• Assignment
Restate the data word for word. Leave the pictures out.

• Raw data
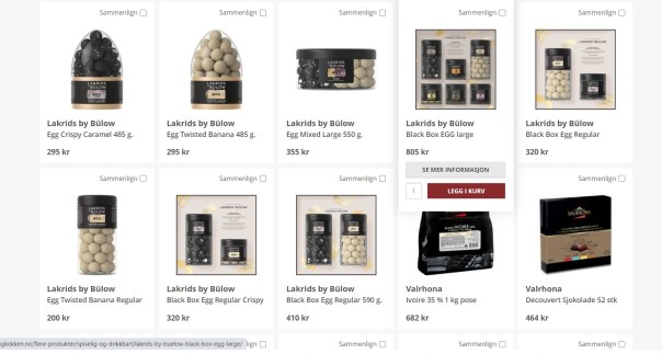 Kategorien Spiselig og Drikkbart hos Bakeren og Kokken er skummel, her er det masse godsaker… i tillegg til litt forskjellig gourmetsalt (anbefaler dette rødvinssaltet) og krydder har de også en del kaloritette søtsaker som er fine til påske. I år har jeg valgt meg ut to favorittmerker: Valrhona og Lakrids by Bülow (jeg slår nok alle personlige rekorder på å spise disse danske lakriskulene i 2020…)
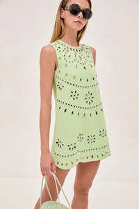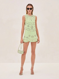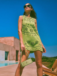 Effortless and chic, the Adilyn Dress features intricate laser-cut details and a vibrant green color for a playful twist. Its A-line silhouette and scalloped edges add a flattering, feminine touch, making it perfect for any occasion. Model Measurements Height: 5'11" Bust: 32 Waist: 24" Hips: 34” Model wears XS.
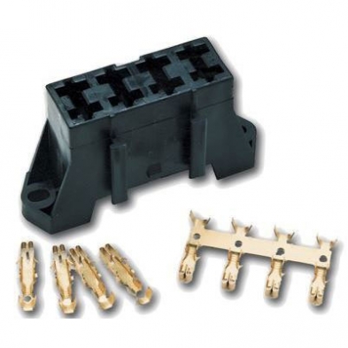 You can "build" your own. Use one or add as many as you wish. The lock together feature makes connections easy. Small size, easy to read and replace fuses. 3-1/4 inch mounting, 2 inches high, 1 inch wide. Includes all brass contacts, holds four ATC-ATO fuses.
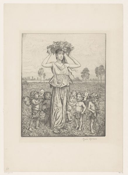 Curator: Ah, this piece entitled “Vrouw en twee kinderen met speelgoedwapens,” created around 1818 by Adrien Victor Auger, presents such an intriguing interplay of familial tranquility and militaristic undertones. It’s primarily an etching, although one can detect what appears to be pencil work as well. What are your immediate impressions? Editor: My first thought is how unsettling it is. The children with weapons and the somewhat listless mother present a really dissonant image of leisure, war, and familial representation all at once. Curator: Precisely! I find myself drawn to the craftsmanship itself – how the textures are achieved, how the tools were manipulated to render the varying shades, it feels indicative of printmaking production during that time period. There’s something almost democratic about the distribution of images, though clearly, the subjects here speak to privilege. Editor: And I think this supposed democratic spirit also clashes with the artwork. The mother figure's class position is not particularly critiqued or challenged in her role, at least ostensibly. Her positioning reinforces societal hierarchies where women occupy limited spheres, and the image appears as a confirmation of class divisions of its era. Curator: Yes, and those toys could suggest future power structures within families. Those seemingly harmless instruments represent the making and production of weapons that would sustain a global war economy for generations. The boy has his sword, and the little girl with bow and arrow, seem a nod towards the gendered roles within military society at that point in history. Editor: To continue this idea, and to underscore the art as not harmless entertainment, let’s unpack the image and what the presence of those objects tell us about constructions of boyhood, masculinity, and warfare during that period. Whose interests are being represented when we frame this as innocent "play"? What messages are being received when one sees an art piece where children are toying with weapons in idyllic spaces? Curator: I concur, and while considering its meaning we can not negate that it is itself an artifact, a testament to the industry of image-making. What choices of materials were used? The type of paper, and quality of ink...what does that communicate to audiences then, and now? Editor: That focus is incredibly valid. What I find enduring, and what feels pertinent even in today's world, is the way in which art can serve as both a window and a mirror, allowing us to examine, critique, and understand societal norms regarding childhood. I hope we see both sides. Curator: Agreed; art like this acts as a record to how industrial advancement also touches upon themes of childhood, privilege, power dynamics, all in the 19th Century context and of today. Thank you.

• The answer
 Kategorien Spiselig og Drikkbart hos Bakeren og Kokken er skummel, her er det masse godsaker… i tillegg til litt forskjellig gourmetsalt (anbefaler dette rødvinssaltet) og krydder har de også en del kaloritette søtsaker som er fine til påske. I år har jeg valgt meg ut to favorittmerker: Valrhona og Lakrids by Bülow (jeg slår nok alle personlige rekorder på å spise disse danske lakriskulene i 2020…)
 Effortless and chic, the Adilyn Dress features intricate laser-cut details and a vibrant green color for a playful twist. Its A-line silhouette and scalloped edges add a flattering, feminine touch, making it perfect for any occasion. Model Measurements Height: 5'11" Bust: 32 Waist: 24" Hips: 34” Model wears XS.
 You can "build" your own. Use one or add as many as you wish. The lock together feature makes connections easy. Small size, easy to read and replace fuses. 3-1/4 inch mounting, 2 inches high, 1 inch wide. Includes all brass contacts, holds four ATC-ATO fuses.
 Curator: Ah, this piece entitled “Vrouw en twee kinderen met speelgoedwapens,” created around 1818 by Adrien Victor Auger, presents such an intriguing interplay of familial tranquility and militaristic undertones. It’s primarily an etching, although one can detect what appears to be pencil work as well. What are your immediate impressions? Editor: My first thought is how unsettling it is. The children with weapons and the somewhat listless mother present a really dissonant image of leisure, war, and familial representation all at once. Curator: Precisely! I find myself drawn to the craftsmanship itself – how the textures are achieved, how the tools were manipulated to render the varying shades, it feels indicative of printmaking production during that time period. There’s something almost democratic about the distribution of images, though clearly, the subjects here speak to privilege. Editor: And I think this supposed democratic spirit also clashes with the artwork. The mother figure's class position is not particularly critiqued or challenged in her role, at least ostensibly. Her positioning reinforces societal hierarchies where women occupy limited spheres, and the image appears as a confirmation of class divisions of its era. Curator: Yes, and those toys could suggest future power structures within families. Those seemingly harmless instruments represent the making and production of weapons that would sustain a global war economy for generations. The boy has his sword, and the little girl with bow and arrow, seem a nod towards the gendered roles within military society at that point in history. Editor: To continue this idea, and to underscore the art as not harmless entertainment, let’s unpack the image and what the presence of those objects tell us about constructions of boyhood, masculinity, and warfare during that period. Whose interests are being represented when we frame this as innocent "play"? What messages are being received when one sees an art piece where children are toying with weapons in idyllic spaces? Curator: I concur, and while considering its meaning we can not negate that it is itself an artifact, a testament to the industry of image-making. What choices of materials were used? The type of paper, and quality of ink...what does that communicate to audiences then, and now? Editor: That focus is incredibly valid. What I find enduring, and what feels pertinent even in today's world, is the way in which art can serve as both a window and a mirror, allowing us to examine, critique, and understand societal norms regarding childhood. I hope we see both sides. Curator: Agreed; art like this acts as a record to how industrial advancement also touches upon themes of childhood, privilege, power dynamics, all in the 19th Century context and of today. Thank you.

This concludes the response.